Selain itu, Indo Auto dapat mengajukan permohonan kepada Ketua Pengadilan Negeri Jakarta Pusat agar Putusan Arbitrase ICA tidak mendapatkan eksekuatur dari Ketua Pengadilan Negeri Jakarta Pusat. Hal ini berdasarkan Penjelasan Pasal 66 huruf d Undang-Undang Arbitrase, yang mengatur ketentuan bahwa suatu Putusan Arbitrase Internasional hanya dapat dilaksanakan dengan putusan Ketua Pengadilan Negeri Jakarta Pusat dalam bentuk perintah pelaksanaan (eksekuatur).

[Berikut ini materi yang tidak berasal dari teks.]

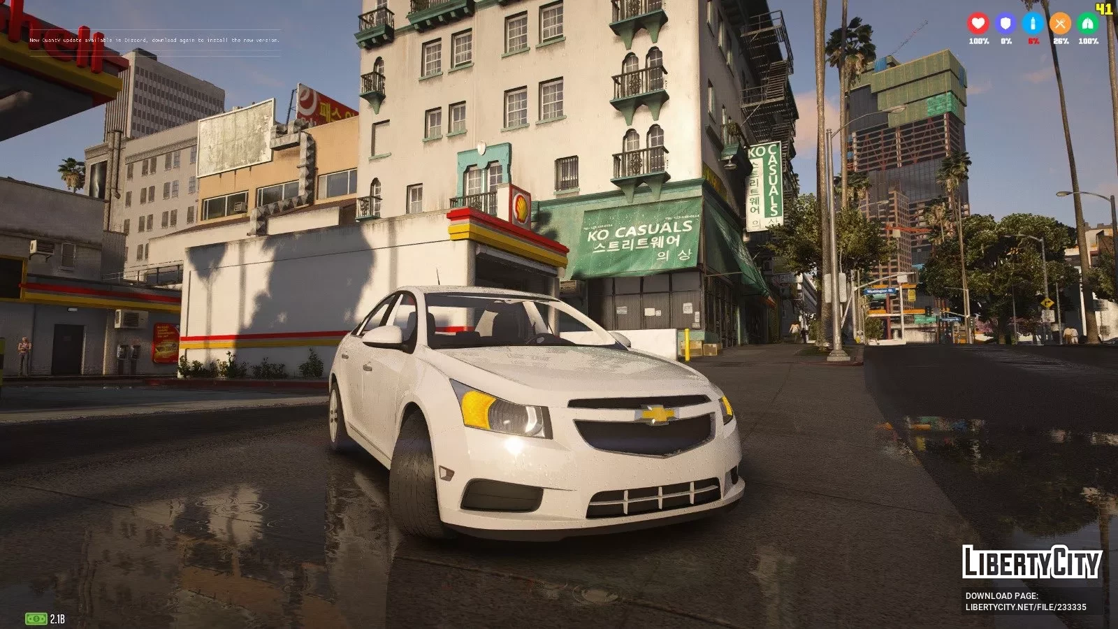 Chevrolet Cruze 2012 (модифицированный) для GTA 5 Особенности: Двухцветная покраска; Черные фары; Тонированные стекла; Спойлер; Черная хромированная накладка багажника. Приятной игры! ...

2.      Apabila kami dalam posisi sebagai Advokat yang akan membela kepentingan hukum Indiana Auto:
a.    Putusan arbitrase ICA adalah putusan arbitrase internasional dan tidak mencantumkan titel eksekutorial berupa: “Demi Keadilan Berdasarkan Ketuhanan Yang Maha Esa”.
Setiap putusan pengadilan harus berisikan kepala putusan. Pada bagian atas putusan haruslah mempunyai irah-irah “Demi Keadilan Berdasarkan Ketuhanan Yang Maha Esa”. Kepala putusan ini memberi kekuatan eksekutorial pada putusan.[2] Hal ini berarti bahwa suatu putusan peradilan Indonesia baru dapat dieksekusi apabila didalamnya terdapat titel demi “Demi Keadilan Berdasarkan Ketuhanan Yang Maha Esa”.
Putusan arbitrase ICA adalah putusan arbitrase internasional yang dijatuhan oleh lembaga internasional di luar wilayah hukum Republik Indonesia, maka dengan demikian dalam putusannya tidak mengenal irah-irah “Demi Keadilan Berdasarkan Ketuhanan Yang Maha Esa”. Oleh karena itu, putusan arbitrase ICA tidak memiliki kekuatan eksekutorial secara langsung sehingga membutuhkan pemberian kekuatan eksekutorial. Putusan arbitrase ICA yang tidak mencantumkan irah-irah “Demi Keadilan Berdasarkan Ketuhanan Yang Maha Esa” dapat memiliki kekuatan eksekutorial apabila telah memenuhi syarat yang ditentukan dalam Undang-Undang Arbitrase. Dalam Pasal 66 Undang-Undang Arbitrase diatur bahwa:
Putusan Arbitrase Internasional hanya diakui serta dapat dilaksanakan di wilayah hukum Republik Indonesia, apabila memenuhi syarat-syarat sebagai berikut:
a.    Putusan Arbitrase Internasional dijatuhkan oleh arbiter atau majelis arbitrase di suatu negara yang dengan negara Indonesia terikat pada perjanjian, baik secara bilateral maupun multilateral, mengenai pengakuan dan pelaksanaan Putusan Arbitrase Internasional;
b.    Putusan Arbitrase Internasional sebagaimana dimaksud dalam huruf a terbatas pada putusan yang menurut ketentuan hukum Indonesia termasuk dalam ruang lingkup hukum perdagangan;
c.    Putusan Arbitrase Internasional sebagaimana dimaksud dalam huruf a hanya dapat dilaksanakan di Indonesia terbatas pada putusan yang tidak bertentangan dengan ketertiban umum;
d.   Putusan Arbitrase Internasional dapat dilaksanakan di Indonesia setelah memperoleh eksekuatur dari Ketua Pengadilan Negeri Jakarta Pusat; dan
e.    Putusan Arbitrase Internasional sebagaimana dimaksud dalam huruf a yang menyangkut Negara Republik Indonesia sebagai salah satu pihak dalam sengketa, hanya dapat dilaksanakan setelah memperoleh eksekuatur dari Mahkamah Agung Republik Indonesia yang selanjutnya dilimpahkan kepada Pengadilan Negeri Jakarta Pusat.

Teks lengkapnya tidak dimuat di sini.